Data reshaping is the process of transforming the structure of a dataset to make it more suitable for analysis. In many cases, raw data is not in a tidy format, which makes it difficult to analyze or visualize. The tidyr package in R provides simple and consistent functions to reshape data into a tidy structure.
A tidy dataset follows three main principles: each variable forms a column, each observation forms a row, and each type of observational unit forms a table. The tidyr package helps convert data into this format.

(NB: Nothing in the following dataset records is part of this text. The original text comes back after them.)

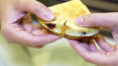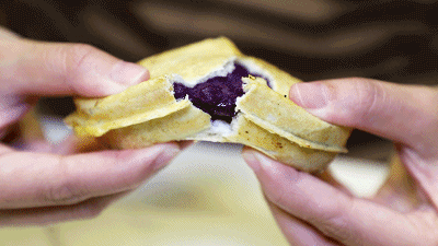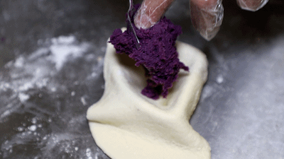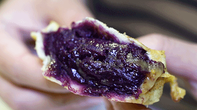 趁着三角粿刚出炉还热气腾腾的时候,轻轻撕开,流心便迫不及待都溢了出来,紫薯的甜蜜和蛋黄的咸香相互交织,尝一口就忘不了它的美味!
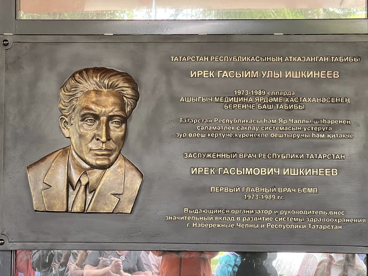 Сегодня в Набережных Челнах состоялось открытие мемориальной доски с барельефом первому главному врачу БСМП – Иреку Ишкинееву. В торжественном открытии приняли участие руководитель Исполнительного комитета Фарид Салахов, начальник управления здравоохранения Рустам Нугманов. На церемонии присутствовали сыновья и родственники Ирека Гасымовича Ишкинеева. Семья переехала в строящийся город на Каме 50 лет назад.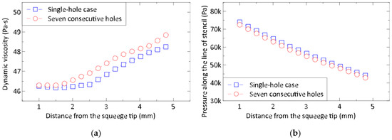 Comparing the cases utilizing a single hole or multiple holes in the printed wiring board (printing speed was 120 mm/s): (a) dynamic viscosity of the solder paste; (b) pressure along the line of the stencil.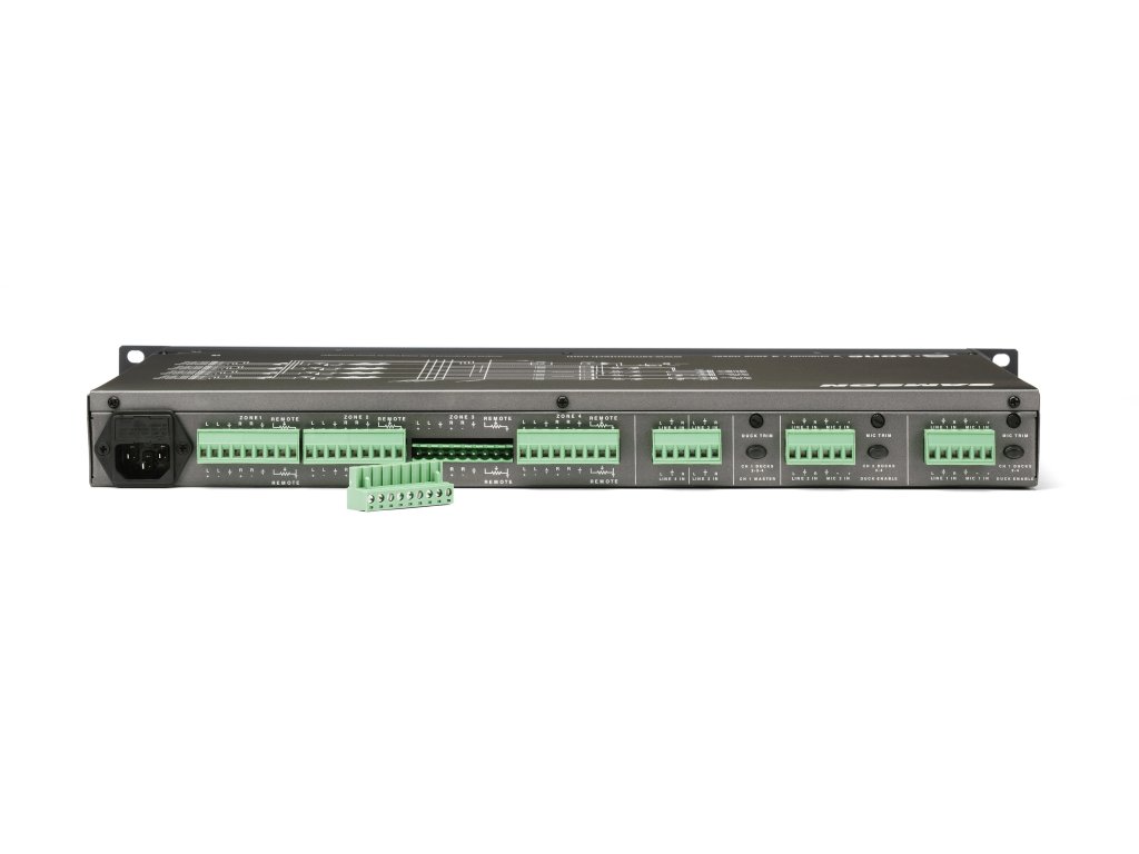 Mikrofonní vstupy lze nastavit tak, aby „potlačily“ zónové vstupy, takže při oznámení se automaticky ztlumí hudba na pozadí. Na každém z výstupů S-Zone najdete praktický dvoupásmový ekvalizér, který vám umožní nastavit celkovou tonální odezvu každé zóny. Na všech výstupech je šestisegmentový LED bar VU měřič, který poskytuje vizuální zobrazení úrovně každé zóny.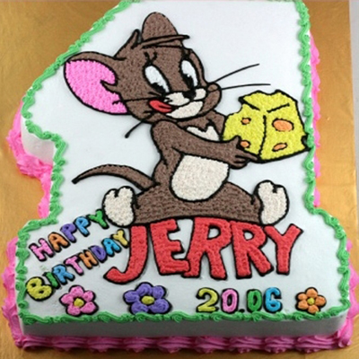 Tiếp tục là một mẫu bánh sinh nhật hình mặt chuột Jerry tinh nghịch vô cùng độc đáo. Chú chuột Jerry quá đỗi quen thuộc với không chỉ các bé mà còn là người lớn, vì vậy bạn hoàn toàn có thể tặng bánh sinh nhật hình chú chuột Jerry cho cả anh trai chị gái bạn nếu đó là nhân vật mà họ yêu thích.

To use tidyr, the package must first be installed and loaded.
install.packages("tidyr")
library(tidyr)
One common reshaping task is converting data from wide format to long format. In wide format, multiple variables are stored in separate columns. In long format, these variables are stored in a single column with corresponding values.
# Example wide dataset
data_wide <- data.frame(
id = 1:3,
math = c(80, 90, 85),
science = c(75, 88, 82)
)
The pivot_longer() function is used to convert wide data into long format.
data_long <- data_wide %>%
pivot_longer(
cols = c(math, science),
names_to = "subject",
values_to = "score"
)
Another common task is converting long format data back to wide format.
data_wide_again <- data_long %>%
pivot_wider(
names_from = subject,
values_from = score
)
The table below shows the difference between wide and long data formats.
| Format | Description | Example Structure |
|---|---|---|
| Wide Format | Multiple variables stored in separate columns | math, science as separate columns |
| Long Format | Variables stored in a single column with values | subject column with math and science values |
Data reshaping is an important step in data cleaning and preparation. The tidyr package makes it easy to transform datasets into tidy formats, which improves compatibility with analysis and visualization tools in R.